DESCRIPTION OF THE TASK → From the first line of the listing below to the line with "周大福SOINLOVE宝藏女孩明月珠黄金珍珠贝壳手链圣诞礼物", print each line exactly, and nothing more. Leave out the pictures.
+ + + +
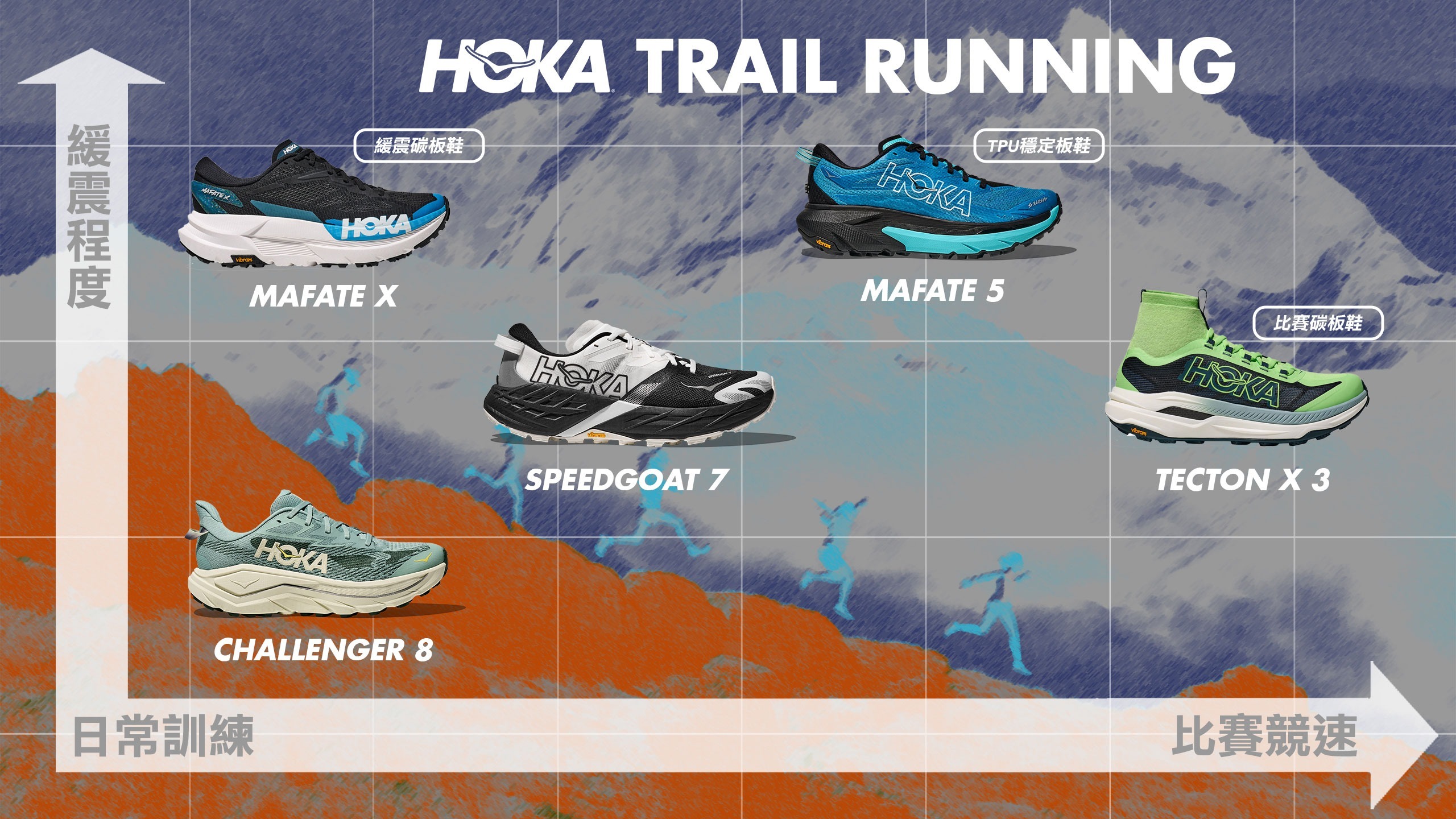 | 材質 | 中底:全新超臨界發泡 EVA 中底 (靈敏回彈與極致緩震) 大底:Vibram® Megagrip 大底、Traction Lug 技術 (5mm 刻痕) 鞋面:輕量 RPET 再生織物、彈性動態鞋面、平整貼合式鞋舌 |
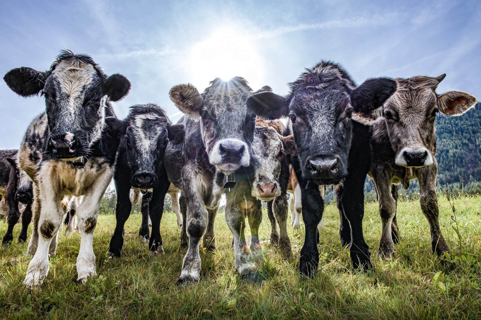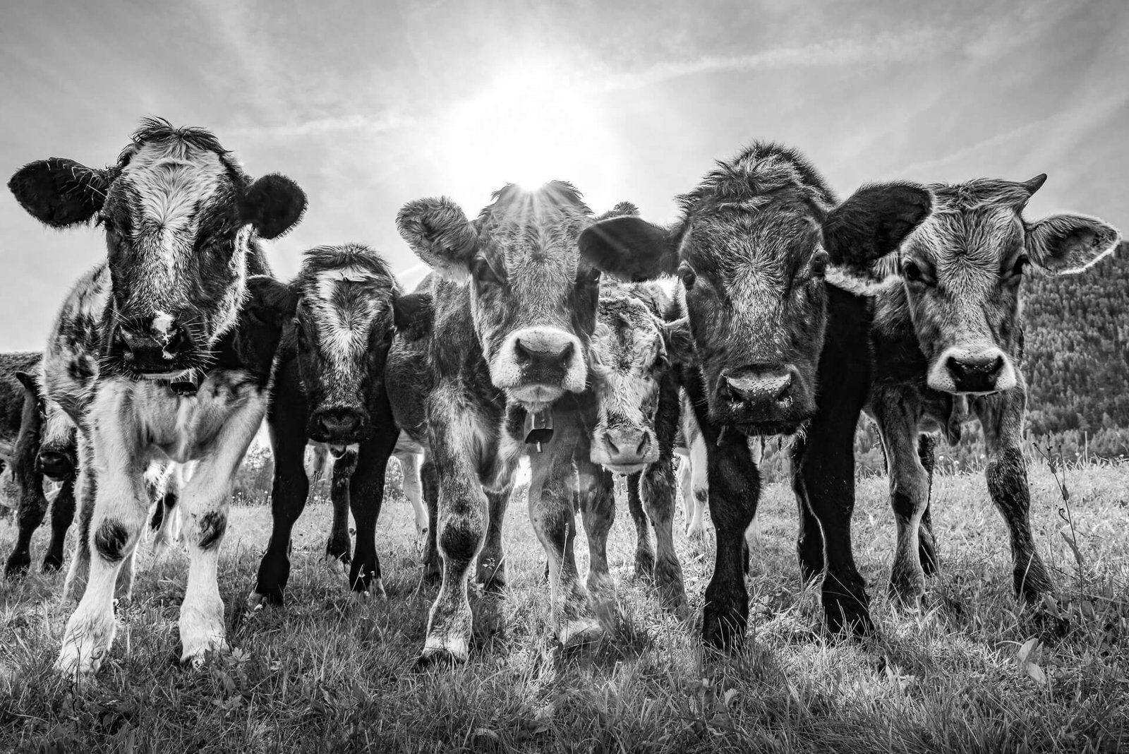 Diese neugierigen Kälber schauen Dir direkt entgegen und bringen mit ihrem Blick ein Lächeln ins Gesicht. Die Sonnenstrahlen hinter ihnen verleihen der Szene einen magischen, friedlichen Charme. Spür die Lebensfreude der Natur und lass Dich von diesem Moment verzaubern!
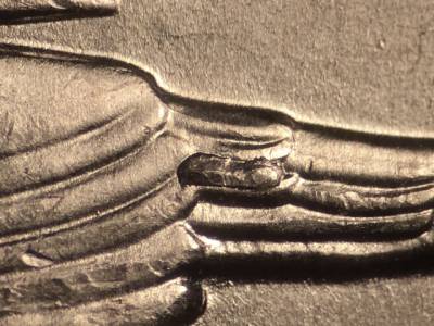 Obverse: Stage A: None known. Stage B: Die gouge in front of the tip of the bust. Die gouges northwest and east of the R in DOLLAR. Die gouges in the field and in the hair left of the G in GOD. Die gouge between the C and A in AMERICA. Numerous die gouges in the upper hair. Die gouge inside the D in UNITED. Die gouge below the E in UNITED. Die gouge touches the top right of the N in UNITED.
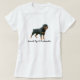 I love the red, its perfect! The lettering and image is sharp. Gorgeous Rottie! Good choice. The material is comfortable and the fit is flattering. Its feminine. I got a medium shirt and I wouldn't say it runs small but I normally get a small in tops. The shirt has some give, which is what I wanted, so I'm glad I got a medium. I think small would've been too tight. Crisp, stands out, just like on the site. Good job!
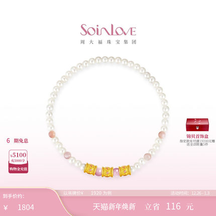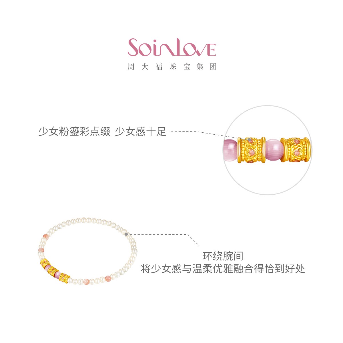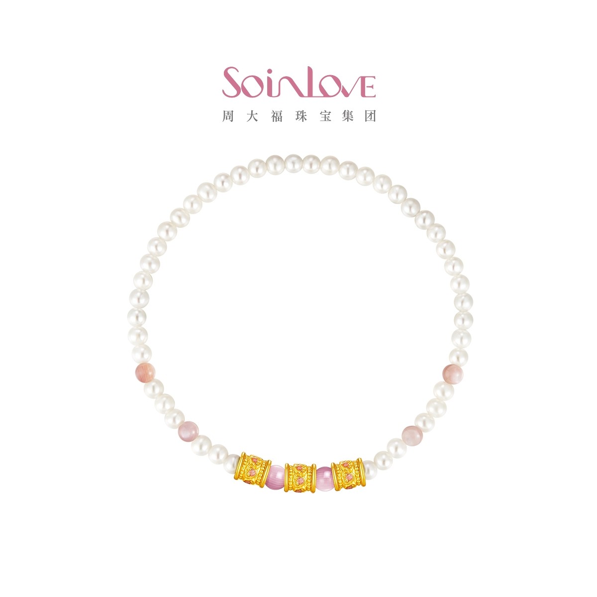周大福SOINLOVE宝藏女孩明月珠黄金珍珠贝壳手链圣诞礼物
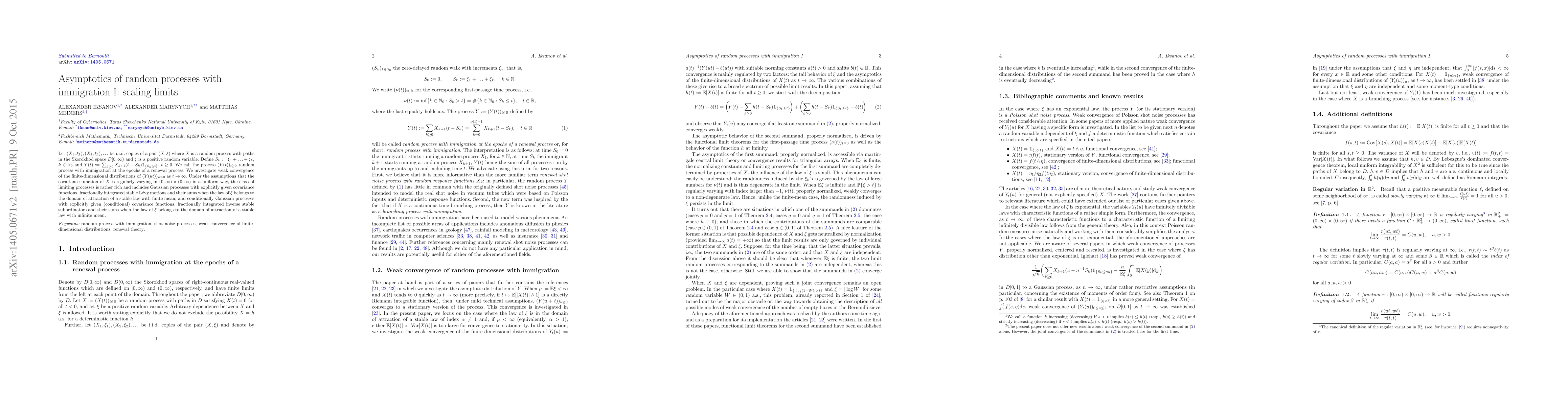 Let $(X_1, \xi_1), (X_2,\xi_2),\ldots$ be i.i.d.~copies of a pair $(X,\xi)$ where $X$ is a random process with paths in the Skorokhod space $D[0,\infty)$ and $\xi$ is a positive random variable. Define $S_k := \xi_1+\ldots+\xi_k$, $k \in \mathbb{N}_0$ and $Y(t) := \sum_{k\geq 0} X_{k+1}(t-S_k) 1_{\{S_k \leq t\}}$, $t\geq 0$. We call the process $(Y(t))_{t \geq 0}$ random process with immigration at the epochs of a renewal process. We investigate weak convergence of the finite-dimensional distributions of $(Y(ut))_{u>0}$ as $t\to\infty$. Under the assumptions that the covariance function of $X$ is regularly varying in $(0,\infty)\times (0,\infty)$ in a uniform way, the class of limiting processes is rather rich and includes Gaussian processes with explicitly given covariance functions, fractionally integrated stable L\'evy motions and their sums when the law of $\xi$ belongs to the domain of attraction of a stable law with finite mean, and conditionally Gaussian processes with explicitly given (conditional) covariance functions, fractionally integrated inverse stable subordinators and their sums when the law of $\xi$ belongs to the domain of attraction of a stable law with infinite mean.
+ + + +
RESULT FOR THIS EXERCISE →
 | 材質 | 中底:全新超臨界發泡 EVA 中底 (靈敏回彈與極致緩震) 大底:Vibram® Megagrip 大底、Traction Lug 技術 (5mm 刻痕) 鞋面:輕量 RPET 再生織物、彈性動態鞋面、平整貼合式鞋舌 |
 Diese neugierigen Kälber schauen Dir direkt entgegen und bringen mit ihrem Blick ein Lächeln ins Gesicht. Die Sonnenstrahlen hinter ihnen verleihen der Szene einen magischen, friedlichen Charme. Spür die Lebensfreude der Natur und lass Dich von diesem Moment verzaubern!
 Obverse: Stage A: None known. Stage B: Die gouge in front of the tip of the bust. Die gouges northwest and east of the R in DOLLAR. Die gouges in the field and in the hair left of the G in GOD. Die gouge between the C and A in AMERICA. Numerous die gouges in the upper hair. Die gouge inside the D in UNITED. Die gouge below the E in UNITED. Die gouge touches the top right of the N in UNITED.
 I love the red, its perfect! The lettering and image is sharp. Gorgeous Rottie! Good choice. The material is comfortable and the fit is flattering. Its feminine. I got a medium shirt and I wouldn't say it runs small but I normally get a small in tops. The shirt has some give, which is what I wanted, so I'm glad I got a medium. I think small would've been too tight. Crisp, stands out, just like on the site. Good job!
周大福SOINLOVE宝藏女孩明月珠黄金珍珠贝壳手链圣诞礼物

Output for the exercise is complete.